Our study has several strengths and limitations. One strength is that our research closely aligns with clinical practice, as risk factors were measured in parallel with routine check-ups by midwives and/or gynecologists in the Netherlands. This means that the identified risk factors can be more easily implemented into routine screening protocols. Another strength is the inclusion of a wide range of potential risk factors, which allowed us to evaluate the relative predictive performance of these variables within a single model. Furthermore, the large sample size enhances the robustness and generalizability of our machine learning models.

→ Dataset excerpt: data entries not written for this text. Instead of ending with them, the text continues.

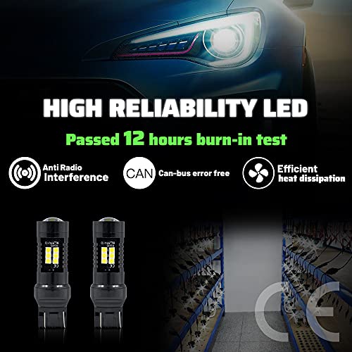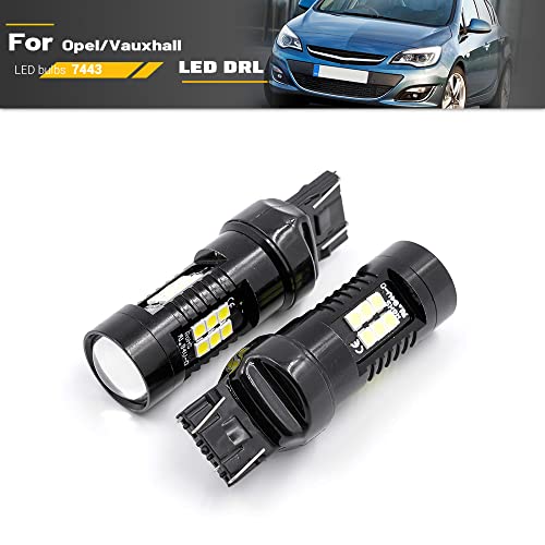 Alta luminosità: Ogni lampadina a led 7443 con lente del proiettore per il 2009-2018 Opel/Vauxhall Astra J DRL luce di marcia diurna è dotata di 21 chip LED ad alta potenza 3030SMD, con potenza nominale 21W (MAX) e potenza di lavoro 5W, illuminazione estremamente luminosa a 360 gradi.
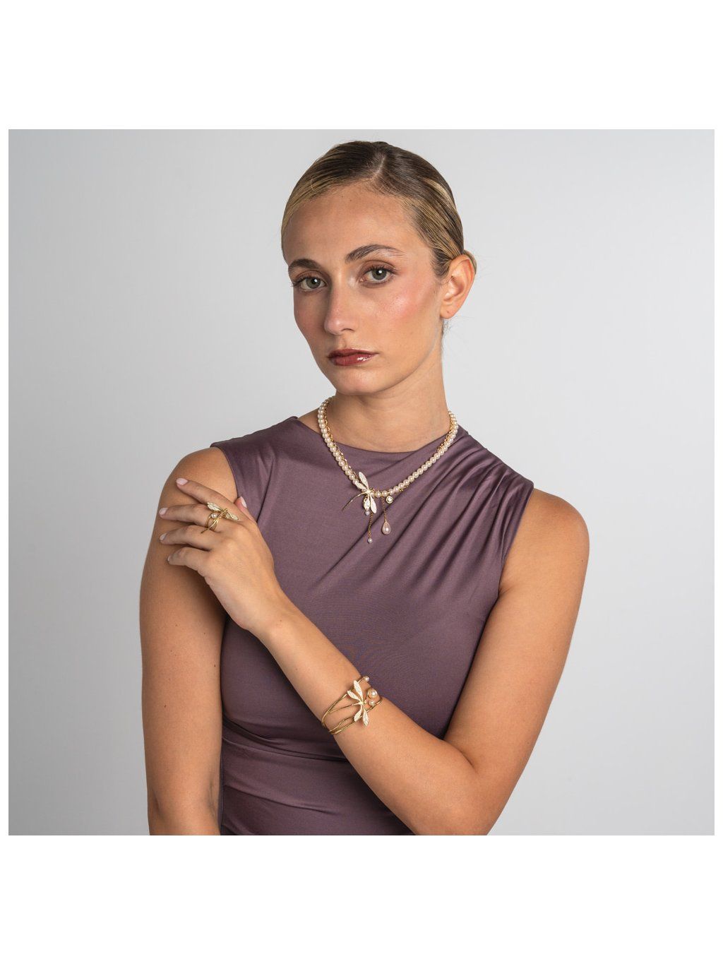 Tento originální šperk je ruční práce z rodinné řecké dílny Kalliope, kde se řemeslo předává s láskou z generace na generaci. Elegantní perlový náhrdelník doplněný designem zlatavého mosazného řetízku a křehké vážky, které dodávají celému kousku jemnost a ženskost.
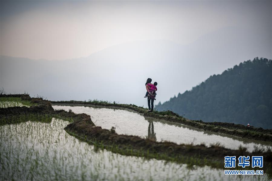 一名婦女背著孩子準(zhǔn)備去田里勞作(3月26日攝)。新華社記者江文耀攝

However, a limitation of this study is the non-representative sample, as it primarily includes highly educated white mothers who are married or cohabiting with their partners. This may limit the generalizability of our findings to more diverse populations. In addition, the right-skewed distribution of EDS scores and our choice to optimize for mean squared error rather than sensitivity potentially constrained the model’s ability to detect true positives among women at highest risk. To address these limitations, future studies should recruit more varied demographic and clinical subgroups (including different socioeconomic and ethnic groups) and incorporate additional predictive data such as perinatal biomarkers (e.g. DNA methylation biomarkers, inflammatory markers) and longitudinal data collected at more frequent intervals to improve sensitivity and ensure that models can accurately identify women who will develop PPD.

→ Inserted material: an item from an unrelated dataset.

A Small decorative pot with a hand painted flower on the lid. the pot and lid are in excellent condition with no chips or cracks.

Nevertheless, our findings are highly relevant for clinical practice. Midwives can use trimester-specific risk factors to tailor their screening at each stage of pregnancy, as our research suggests that while some risk factors remain consistent, others may vary across trimesters. By identifying the most predictive risk factors early, healthcare providers can implement targeted interventions sooner. Moreover, our results indicate that we can accurately identify mothers-to-be who are unlikely to develop PPD, thereby enabling more efficient allocation of healthcare resources to those at higher risk and potentially improving prevention and intervention efforts. It should be noted that, while including second- and third-trimester data only slightly enhances predictive performance, continued monitoring of risk factors throughout pregnancy and into the postpartum period remains essential, as certain symptoms may emerge later.

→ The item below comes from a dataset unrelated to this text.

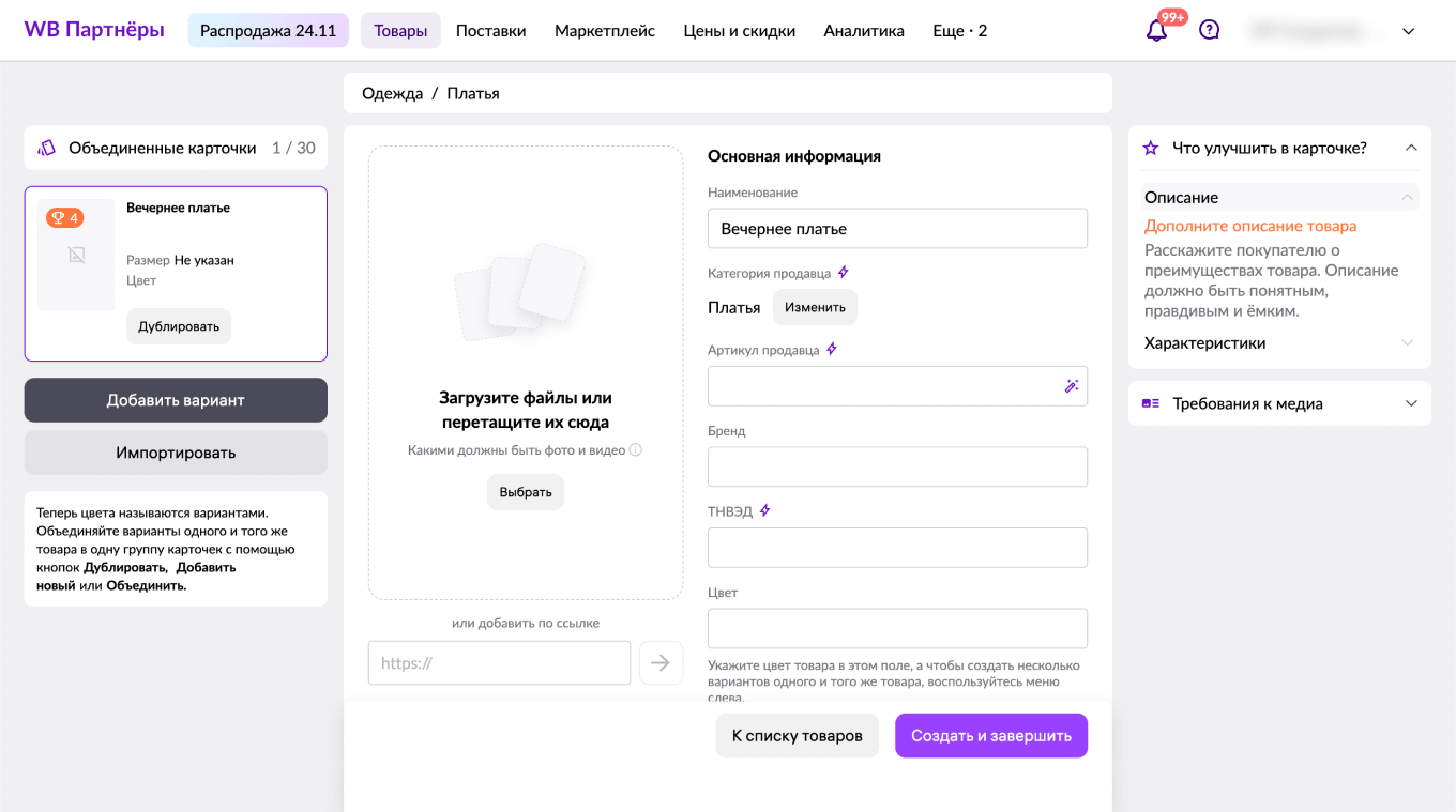 Заполнять ли необязательные поля — вы решаете сами. Но советуем все же сделать это: чем больше информации о товаре, тем выше он в выдаче.

In summary, this study demonstrates the potential of machine learning models, particularly regularized linear regression techniques, to predict PPD using prenatal data only. The consistent role of depressive symptoms, along with psychological traits such as neuroticism and negative affectivity across trimesters, underscores the need for early mental health screening during pregnancy. By identifying those at risk earlier, healthcare professionals can intervene sooner, improving both maternal and child outcomes. These findings suggest that integrating routine psychological assessments into prenatal care could enhance early detection of PPD risk, allowing for timely referrals to mental health services, ultimately reducing the prevalence and impact of PPD.